The hate of the left for us conservatives is a palpable thing now. I see it as a nasty, dark, blood-filled cloud hanging over all of us. I don’t mind that the left hate me. That’s fine. I actually pride myself on not being POPULAR. I lost my need for popularity in high school. I am who I am and I like who I am. I can’t think that these ungodly people who relish the death of someone totally unknown to them, like themselves. I think that might be their secret. 

The hate they spread on all of us, excuse me, normal people, you know, people who love their families, the place they live, their community, is actually an inner hate. A hate for themselves because they are not the newest flavor of the month. Have you noticed how the Puerto Rican bartender from New York manages to get herself in the news every day, if not every hour? And how does that keep happening? I don’t think she cares that 90% of the time they are making fun of her. She has become the poster child for ignorant 30 somethings.

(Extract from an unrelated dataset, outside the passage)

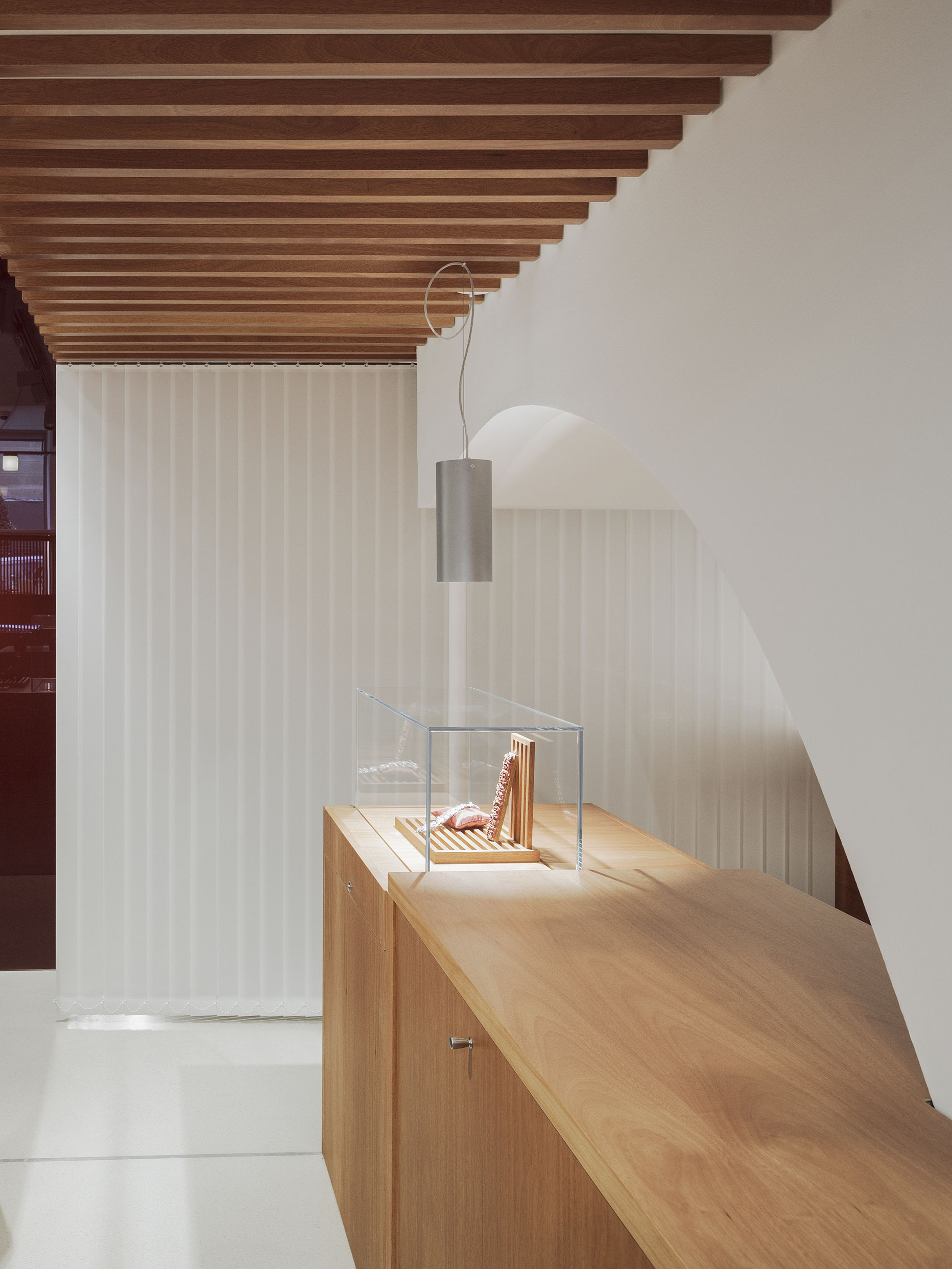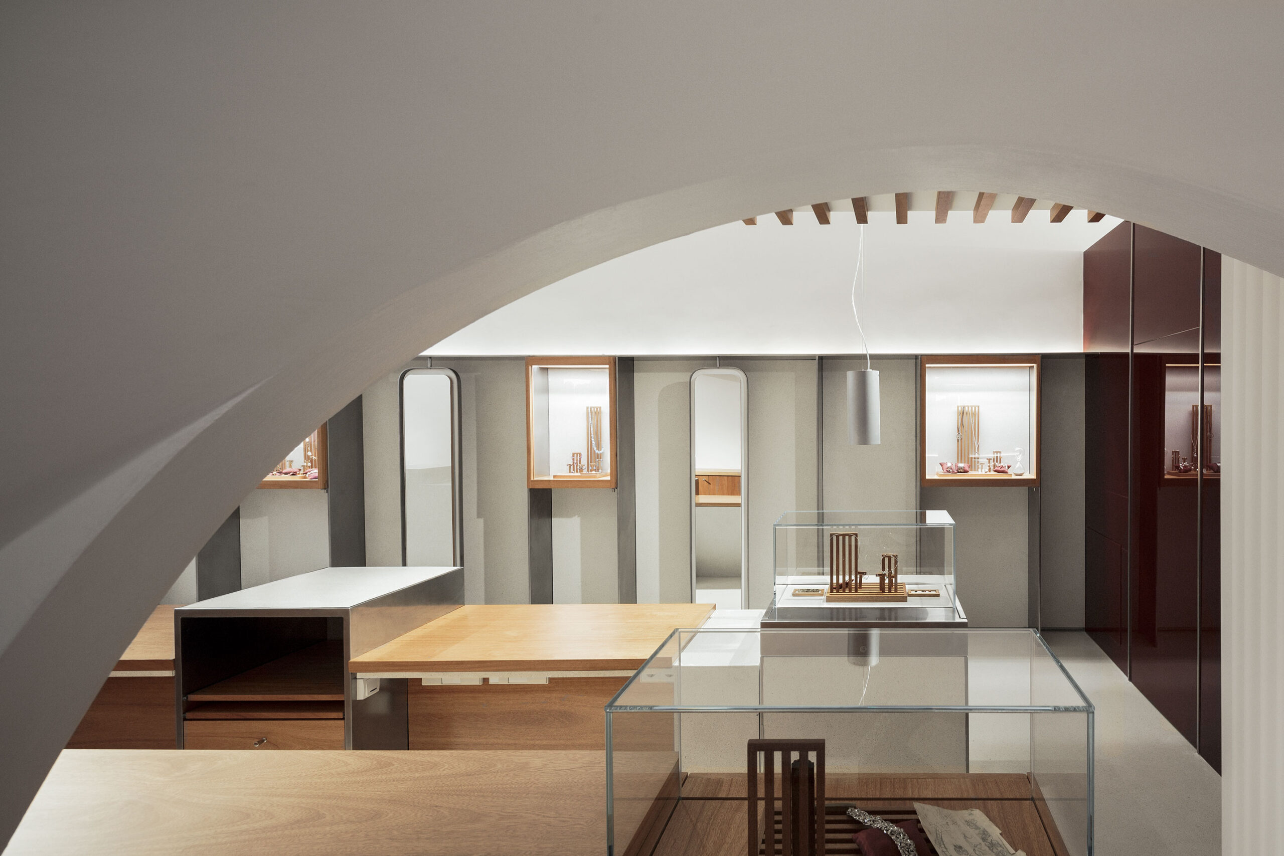 Our work on the heritage-listed façade involved recovering the details and colours that had disappeared over time. We clad the ground floor of the building with Kalahari granite –matching the brand’s colour– framed with a stainless-steel structure that extends into the interior of the jewellery shop. Cast-in-place terrazzo was used for the floor and the main counter, unifying both elements. The warmness of the cedar wood contrasts with the hardness of the stainless steel and terrazzo.

I’m afraid that this hate will continue until it totally consumes this country. My husband and I grew up in the 50s and 60s. He is younger than me by 4 years. I spent more time in the 50s than he did and he wishes he had had more of those years. He keeps telling me that the 50s is what he misses about our country most of all. I agree with him.

I grew up in a small midwestern college town, among people of my own economic station. Neither of my parents graduated from high school, because of The Great Depression. My father was sent to live with his grandmother in southern Indiana in 1929. My mother was born in October of 1929 so her experience of The Great Depression was life-long up until it finally eased a bit. But they never had enough money so they didn’t need to worry. They always had to scrimp and save. 

My parents were both FDR democrats because he saved them. He did make it possible for people to eat in the 30s and 40s. Without him, without the old age pension and the work projects, I’m not sure how anyone could have survived. What the current corporation-hating crowd doesn’t see or refuses to acknowledge, is that if the rich people lose everything, there is no one to pay for the poor among us. We need rich people.

My mother, in particular, did not have a good thing to say about anyone who had money. She once complained to me that the first Gulf War was all about oil and that President Bush did that for his oil baron friends. I said, Mom! I use oil, you know. You use oil. We need oil. I doubt that sunk in. It was more her style to dislike people because of what they had, not who they were.

And so here we are today, in a world where hate is everything and common decency does not exist, except in my small corner of America, where life is slow and people are honorable. 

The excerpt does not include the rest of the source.